Limiting resource consumption on servers.

In my last blog entry I described the problem of servers over committing resources. There are several solution to this problem. The simplest and most common is to make sure that the critical resource is easily and smoothly controlled by the host OS: CPU time. If the server load is CPU bound, the other resources won’t be a problem. IT operation groups know how to monitor and load balance servers based on CPU utilization.

A much more sophisticated but general solution is based on controlling the inbound processing rate of requests. It requires to monitor *all* of the resources which can become scarce (memory, database connections, etc..) and start throttling the processing of incoming requests when any of these resources become close to their maximum. This can be accomplished by placing incoming requests into a staging queue where they will be picked up and processed. The staging queue itself can be maintained using very few resources from the server - some memory, very little CPU, and pretty much nothing else because the request is left into an un-processed state when it is queued up. The staging queue length needs to be regulated: Ideally, it should be very small when the server is running under optimal load and it should be constant under steady state. It should be allowed to grow when resources get scarce because of an over commitment. The idea is that this over commitment is going to be resolved when the few “abnormal” requests have been fully processed.

This approach works pretty well in the situations where I have seen it deployed, as long as the server process we are talking about is not competing for the resources with another process on the same host. I have seen cases where a server is doing great and suddenly the available physical memory drops on the machine because of a competing program. The server goes into throttling mode but it isn’t effective enough to prevent paging because the amount of memory it has committed cannot decrease as fast as the demand from the competing process. When the server starts paging, things get into a standstill because most of the memory pages are hot, containing data for the processing of the requests. I have seen people taking drastic measures to make up for this: They either abandon the semi computed state for some requests and put them back on the staging queue, or they serialize the semi processed state onto disk and put the request onto another queue, to be processed once the scarce situation is over. Serializing the semi processed state is difficult because it requires the developer to know exactly for each request what needs to be serialized. There could be an issue with shared data between requests. Another problem with serialization is that it uses disk resources which maybe scarce already and it may compete with the OS trying to page memory out to disk.
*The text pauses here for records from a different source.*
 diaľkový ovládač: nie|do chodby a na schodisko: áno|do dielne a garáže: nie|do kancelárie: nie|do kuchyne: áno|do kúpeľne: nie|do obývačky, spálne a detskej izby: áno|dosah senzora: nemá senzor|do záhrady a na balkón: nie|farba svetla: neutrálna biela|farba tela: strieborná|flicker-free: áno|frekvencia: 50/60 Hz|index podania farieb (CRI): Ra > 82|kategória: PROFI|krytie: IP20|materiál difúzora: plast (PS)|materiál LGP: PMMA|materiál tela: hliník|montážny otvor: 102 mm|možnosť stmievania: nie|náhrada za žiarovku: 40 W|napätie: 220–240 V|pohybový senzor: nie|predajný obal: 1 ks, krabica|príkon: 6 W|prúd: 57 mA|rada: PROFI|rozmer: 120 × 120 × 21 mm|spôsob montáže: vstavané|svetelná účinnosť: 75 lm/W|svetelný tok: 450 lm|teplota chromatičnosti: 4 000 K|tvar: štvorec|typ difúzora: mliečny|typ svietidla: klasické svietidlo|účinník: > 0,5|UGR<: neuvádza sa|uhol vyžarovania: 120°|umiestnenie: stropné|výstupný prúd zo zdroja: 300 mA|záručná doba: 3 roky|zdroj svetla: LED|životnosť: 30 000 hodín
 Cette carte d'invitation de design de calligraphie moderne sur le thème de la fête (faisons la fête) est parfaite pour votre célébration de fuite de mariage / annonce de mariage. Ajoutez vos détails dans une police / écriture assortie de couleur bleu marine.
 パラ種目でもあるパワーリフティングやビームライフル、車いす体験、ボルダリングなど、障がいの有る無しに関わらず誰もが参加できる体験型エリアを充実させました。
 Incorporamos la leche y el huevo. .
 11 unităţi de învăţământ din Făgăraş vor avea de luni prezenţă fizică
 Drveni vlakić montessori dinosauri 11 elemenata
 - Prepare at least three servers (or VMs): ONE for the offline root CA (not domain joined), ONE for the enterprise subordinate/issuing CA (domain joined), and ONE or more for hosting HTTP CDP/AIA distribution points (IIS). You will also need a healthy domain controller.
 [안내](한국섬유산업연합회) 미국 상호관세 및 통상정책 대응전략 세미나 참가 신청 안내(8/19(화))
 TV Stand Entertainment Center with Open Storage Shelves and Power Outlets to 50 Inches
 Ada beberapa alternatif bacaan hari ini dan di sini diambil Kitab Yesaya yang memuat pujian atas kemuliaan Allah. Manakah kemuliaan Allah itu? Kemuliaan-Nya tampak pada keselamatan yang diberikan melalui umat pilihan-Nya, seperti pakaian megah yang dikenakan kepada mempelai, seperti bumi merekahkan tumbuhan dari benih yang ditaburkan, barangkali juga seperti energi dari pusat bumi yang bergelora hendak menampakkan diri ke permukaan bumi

I recommend trying out or simulating the basic staging queue approach before going to more sophisticated approaches. The pop3 server which I described in my previous arcticle did fine after they implemented the staging queue approach: It normally ran with 100MB of physical memory load; when the physical memory went above 200MB, it stopped processing incoming requests, which queued up on the staging queue. The staging queue had a maximum size of 4000 entries. It is interesting to note that the measured throughput varies more because it decreases when the staging queue is growing but it does not crash anymore!